---------- DATA FOR ANALYSIS ----------
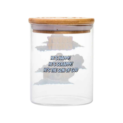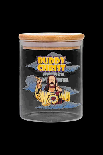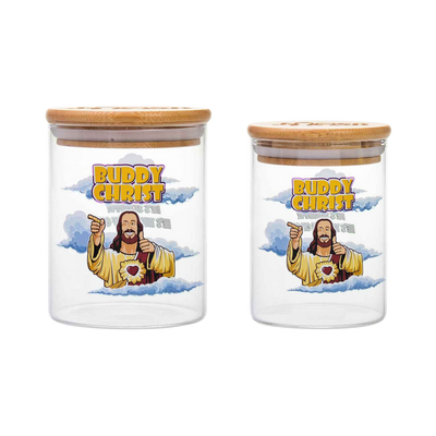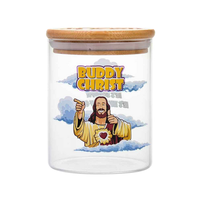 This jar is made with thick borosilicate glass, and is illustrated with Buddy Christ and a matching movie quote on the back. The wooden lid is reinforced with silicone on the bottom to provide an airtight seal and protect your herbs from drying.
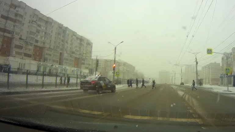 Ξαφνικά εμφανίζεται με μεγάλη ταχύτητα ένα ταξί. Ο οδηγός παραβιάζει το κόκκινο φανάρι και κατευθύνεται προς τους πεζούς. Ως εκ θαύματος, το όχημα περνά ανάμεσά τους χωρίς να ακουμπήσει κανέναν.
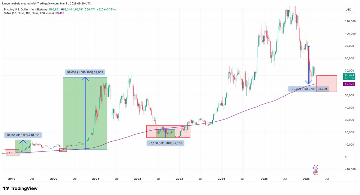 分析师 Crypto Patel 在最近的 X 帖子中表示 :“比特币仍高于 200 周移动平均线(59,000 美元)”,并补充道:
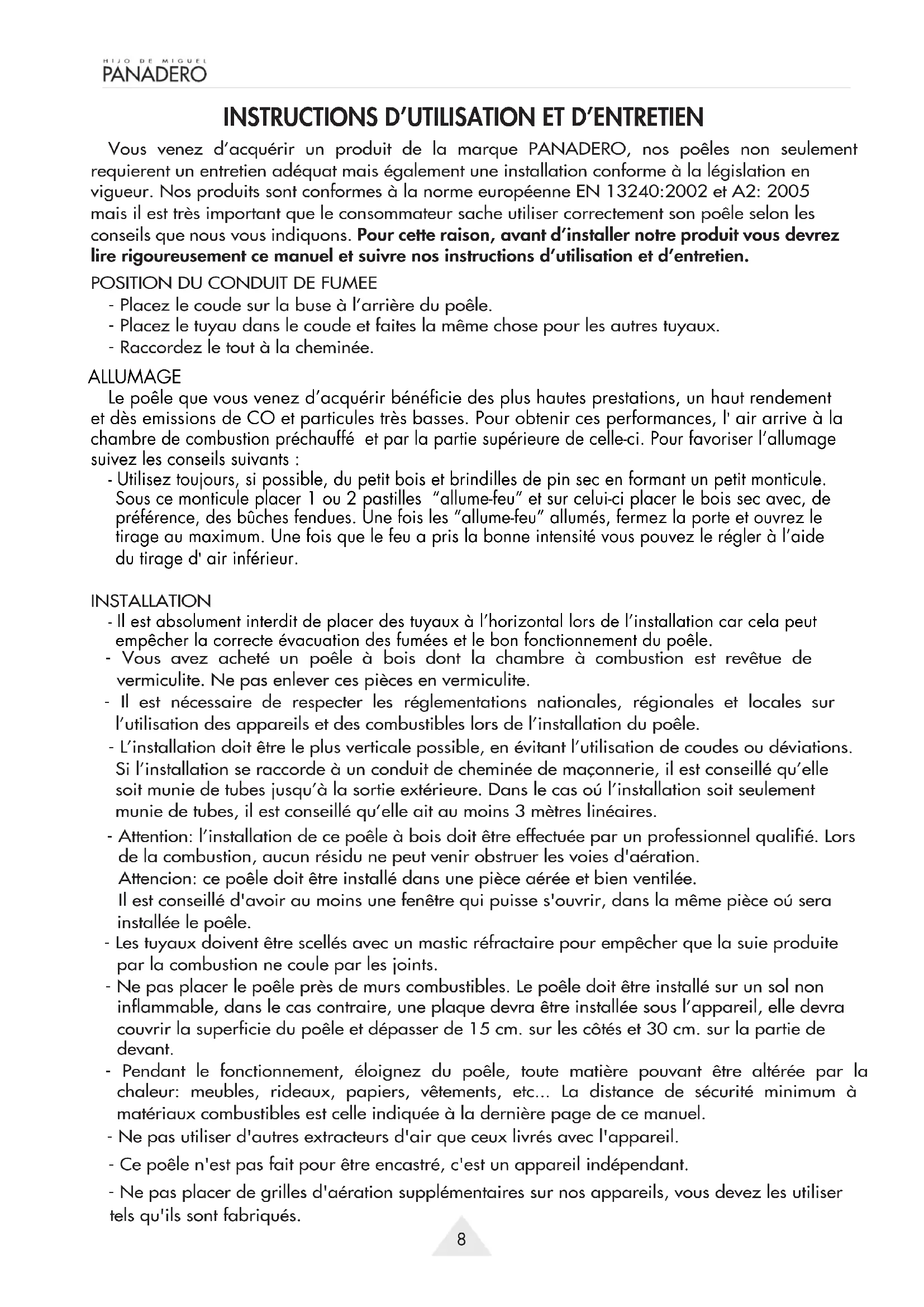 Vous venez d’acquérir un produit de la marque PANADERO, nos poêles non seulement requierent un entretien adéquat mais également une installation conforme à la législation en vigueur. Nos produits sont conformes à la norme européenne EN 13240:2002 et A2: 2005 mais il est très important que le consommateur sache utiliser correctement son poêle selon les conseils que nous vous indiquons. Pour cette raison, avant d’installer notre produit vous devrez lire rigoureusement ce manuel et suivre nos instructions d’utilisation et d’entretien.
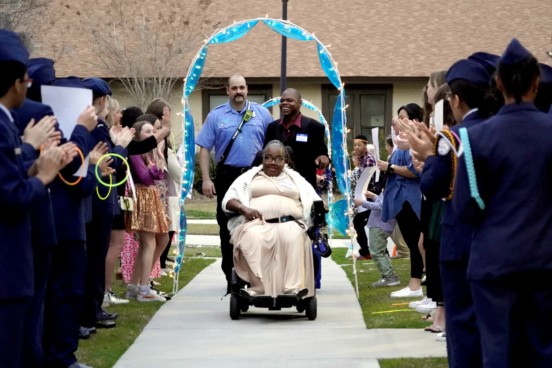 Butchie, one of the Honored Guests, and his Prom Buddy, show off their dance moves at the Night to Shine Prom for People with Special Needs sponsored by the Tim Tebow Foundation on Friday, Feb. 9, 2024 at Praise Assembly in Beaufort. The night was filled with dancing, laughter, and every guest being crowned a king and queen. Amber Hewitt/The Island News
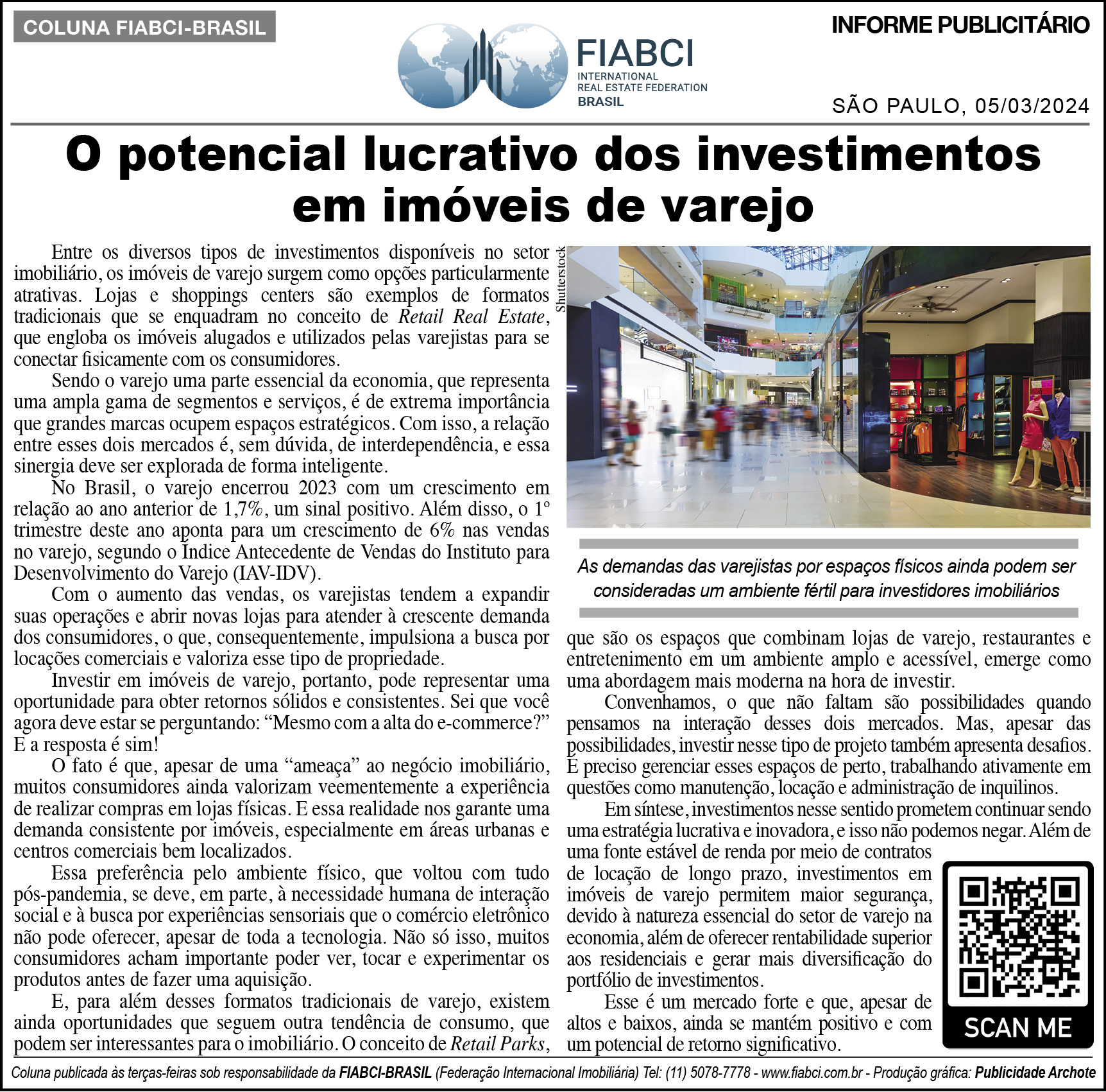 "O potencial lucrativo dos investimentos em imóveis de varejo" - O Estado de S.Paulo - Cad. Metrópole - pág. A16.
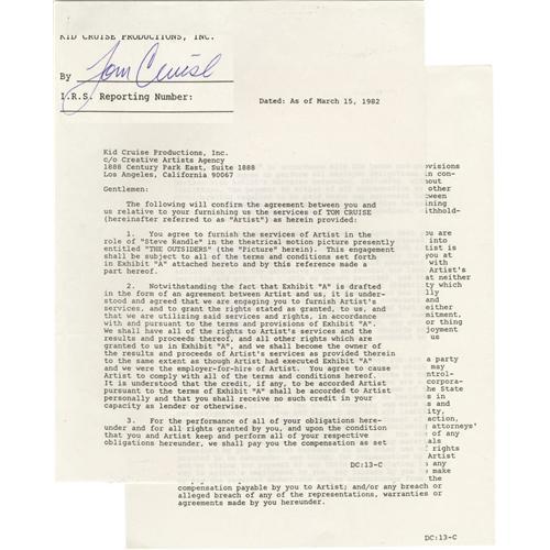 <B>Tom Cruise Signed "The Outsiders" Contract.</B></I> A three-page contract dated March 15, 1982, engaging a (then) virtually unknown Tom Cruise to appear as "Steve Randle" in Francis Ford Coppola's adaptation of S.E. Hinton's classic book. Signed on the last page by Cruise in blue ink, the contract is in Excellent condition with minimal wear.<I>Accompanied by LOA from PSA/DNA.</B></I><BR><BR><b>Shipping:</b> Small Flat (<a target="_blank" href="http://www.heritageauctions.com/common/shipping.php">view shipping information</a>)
----------
---------- DATA FOR ANALYSIS ----------
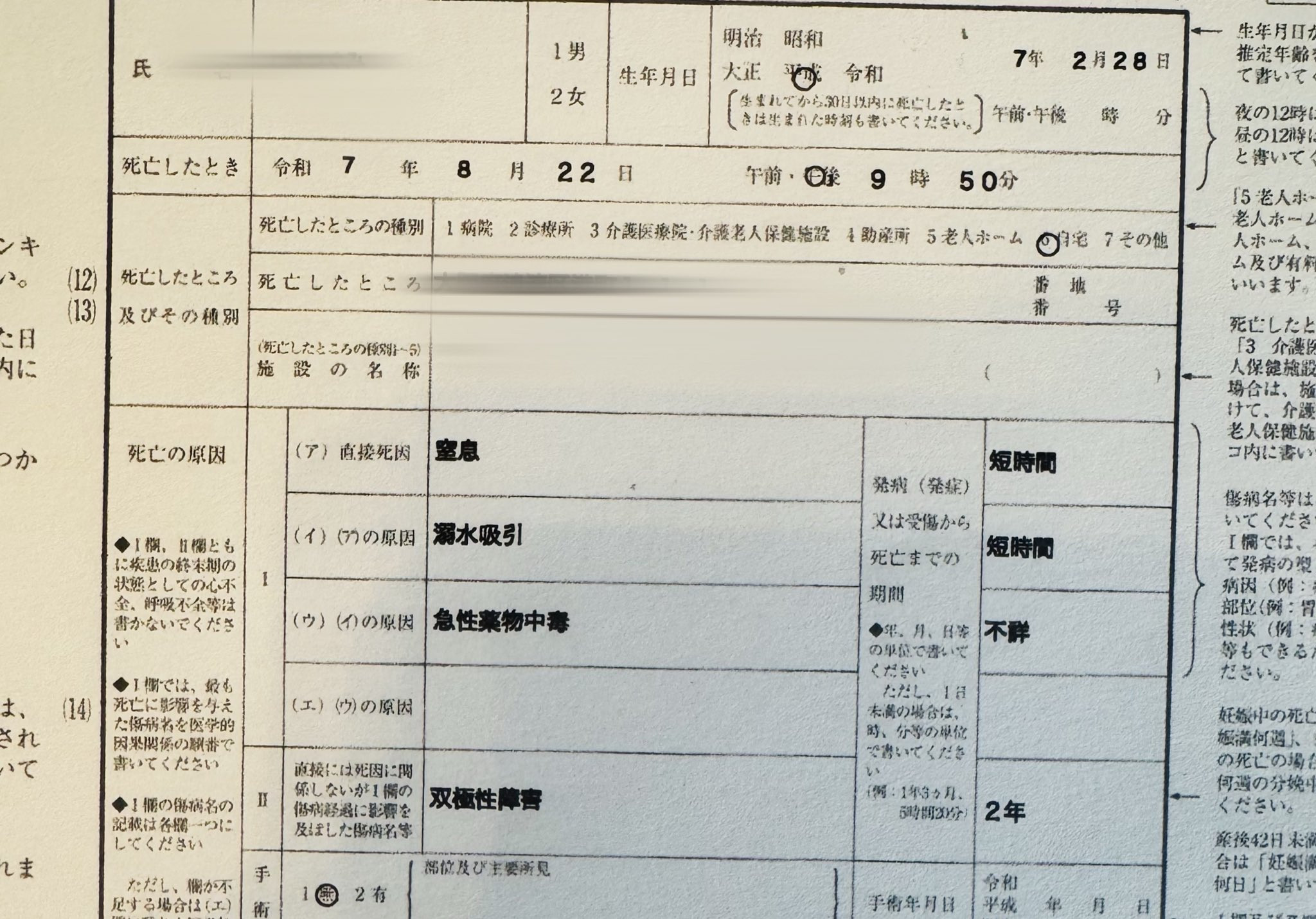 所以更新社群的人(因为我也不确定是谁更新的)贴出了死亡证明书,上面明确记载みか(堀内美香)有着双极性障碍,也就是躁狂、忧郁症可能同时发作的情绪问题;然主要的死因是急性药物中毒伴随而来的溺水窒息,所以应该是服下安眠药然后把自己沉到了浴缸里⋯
----------
---------- DATA FOR ANALYSIS ----------
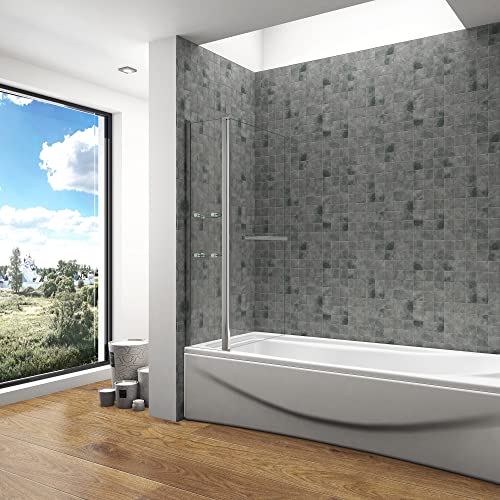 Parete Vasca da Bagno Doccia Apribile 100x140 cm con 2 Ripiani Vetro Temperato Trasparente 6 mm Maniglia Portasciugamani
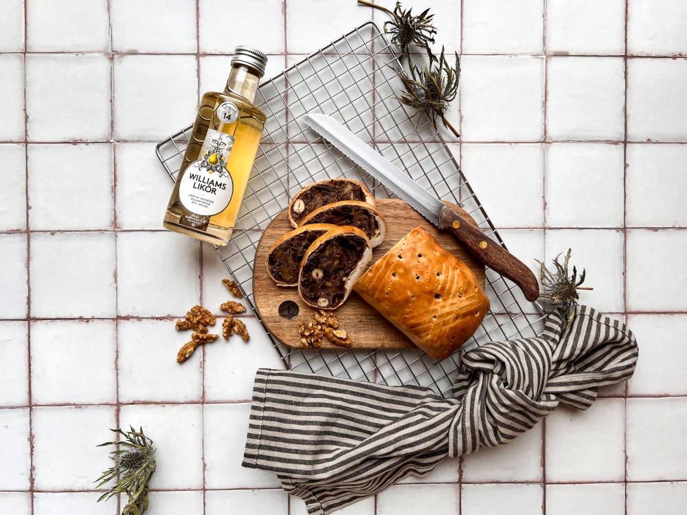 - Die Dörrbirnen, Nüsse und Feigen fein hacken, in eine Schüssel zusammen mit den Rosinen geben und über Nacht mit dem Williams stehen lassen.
----------
● EXERCISE INSTRUCTIONS
Work from the entries above. Set down exactly and only the lines from the line with "This jar is" to the line with "分析师 Crypto Patel", both included, and leave the pictures out.

● YOUR SOLUTION
 This jar is made with thick borosilicate glass, and is illustrated with Buddy Christ and a matching movie quote on the back. The wooden lid is reinforced with silicone on the bottom to provide an airtight seal and protect your herbs from drying.
 Ξαφνικά εμφανίζεται με μεγάλη ταχύτητα ένα ταξί. Ο οδηγός παραβιάζει το κόκκινο φανάρι και κατευθύνεται προς τους πεζούς. Ως εκ θαύματος, το όχημα περνά ανάμεσά τους χωρίς να ακουμπήσει κανέναν.
 分析师 Crypto Patel 在最近的 X 帖子中表示 :“比特币仍高于 200 周移动平均线(59,000 美元)”,并补充道:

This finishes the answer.